Инерция эскалации и логика здравого смысла

Политолог Андрей Кортунов об ударах США по ядерным объектам Ирана

Политолог Андрей Кортунов

Политолог Андрей Кортунов

Фото: Александр Миридонов, Коммерсантъ

Политолог Андрей Кортунов

Фото: Александр Миридонов, Коммерсантъ

Итак, ракетно-бомбовый удар США по трем ключевым атомным объектам Ирана все-таки нанесен. Со времени акции по устранению иранского генерала Касема Сулеймани в январе 2020 года Тегеран и Вашингтон никогда не были так близки к масштабному прямому вооруженному противостоянию друг с другом.

Конечно, теперь очень многое зависит от иранской реакции на действия США. Здравый смысл подсказывает, что в сложившихся обстоятельствах Тегерану стоило бы проявить максимальную сдержанность в ответных действиях, как это было и пять с половиной лет назад. Иранскому руководству сегодня жизненно важна передышка, хотя бы временный «брестский мир» — нужно собраться с силами и не допустить внутриполитической дестабилизации на фоне негативных для Ирана сдвигов в балансе сил на Ближнем Востоке после 7 октября 2023 года.

Но хватит ли у иранских лидеров политической воли, чтобы переступить через уязвленную национальную гордость и возобновить переговоры с Вашингтоном с заведомо более слабых позиций?
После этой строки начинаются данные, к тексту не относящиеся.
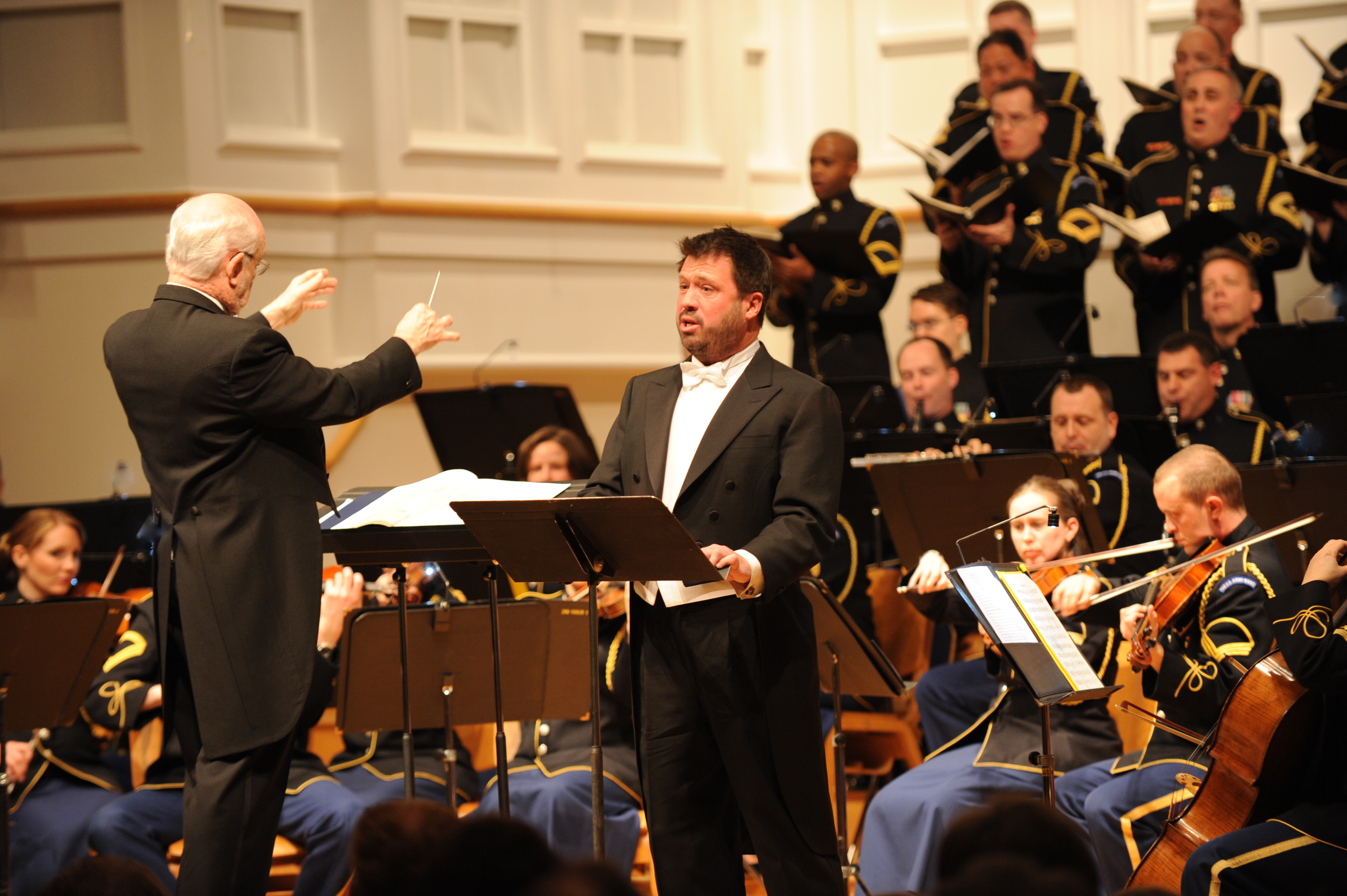 The U. S. Army Chorus and Orchestra with Duain Wolfe, conductor, and David Daniels, countertenor. Photo credit: SSG Chris Branagan

Не менее важен и нынешний настрой 47-го президента США. Готов ли Дональд Трамп ограничиться уже нанесенным ущербом атомной программе Исламской Республики, или же его амбиции теперь простираются в направлении смены политического режима в Тегеране? Понятно, что многие «ястребы» вокруг Трампа — и внутри США, и в союзном Израиле — подталкивают его в направлении «окончательного решения» иранской проблемы. Стоит ли идти на компромиссы с теми, кого можно просто устранить, как когда-то устранили очень авторитетного и опасного для США Касема Сулеймани?

С другой стороны, Дональду Трампу, судя по всему, безразлично, какая политическая система существует в Тегеране. Продвижение либеральной демократии и прав человека не относится к числу его приоритетов. У него нет и особых причин для личной неприязни к верховному лидеру Али Хаменеи и тем более к считающемуся прозападным президенту Масуду Пезешкиану. В этом смысле Трамп принципиально отличается, например, от Джорджа Буша-младшего, воспринимавшего иракского лидера Саддама Хусейна как своего личного врага, а существование его персоналистского режима — как незавершенную вендетту, оставшуюся 43-му президенту США в наследство от его отца, 41-го президента Джорджа Буша-старшего.
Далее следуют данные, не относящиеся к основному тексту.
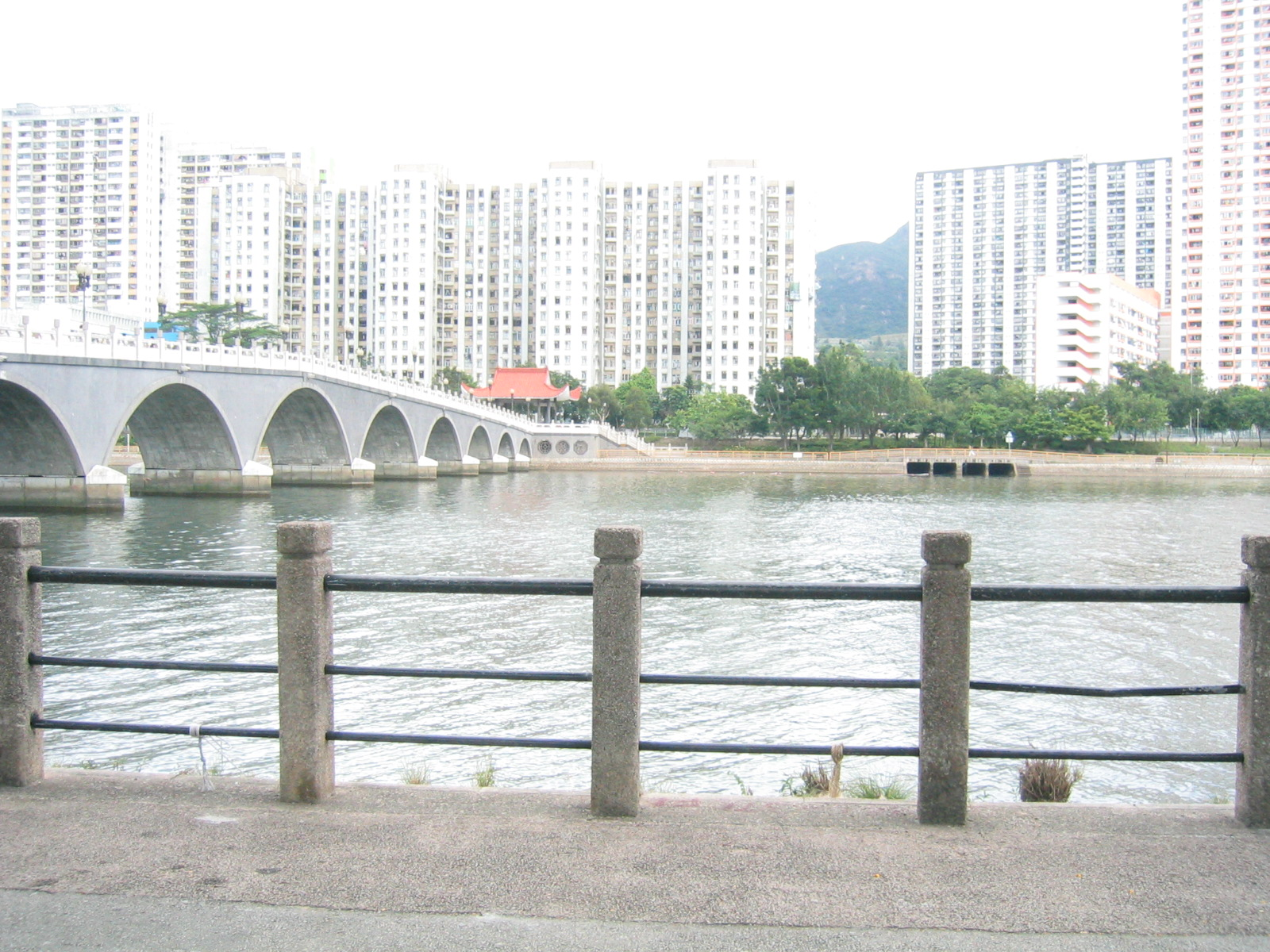 Shing Mun River and Lek Yuen Bridge at Shatin, Hong Kong.

В Белом доме должны понимать, что разрушение нынешней политической системы в Тегеране навряд ли привело бы к утверждению там стабильного проамериканского режима.

Скорее в таком случае Иран превратился бы в «неудавшееся государство», в своего рода вторую Ливию или второе Сомали времен ожесточенных гражданских войн в этих странах. Учитывая размеры и географическое положение Ирана, негативные последствия реализации такого сценария, в том числе и для самих Соединенных Штатов, несомненно, оказались бы куда более масштабными.

В Белом доме должны учитывать и другое обстоятельство. Американская ближневосточная стратегия последних лет имела своей целью формирование израильско-арабского альянса для противостояния «иранской угрозе». Полное устранение Тегерана с политической сцены региона одновременно устранило бы и один из главных стимулов для арабских стран соглашаться на квазисоюз с Израилем в рамках продвигаемых Трампом «соглашений Авраама». Более того, «окончательное решение» иранского вопроса неизбежно вернуло бы в центр ближневосточной повестки дня палестинскую проблему, для которой у Дональда Трампа пока не нашлось сколько-нибудь реалистических решений.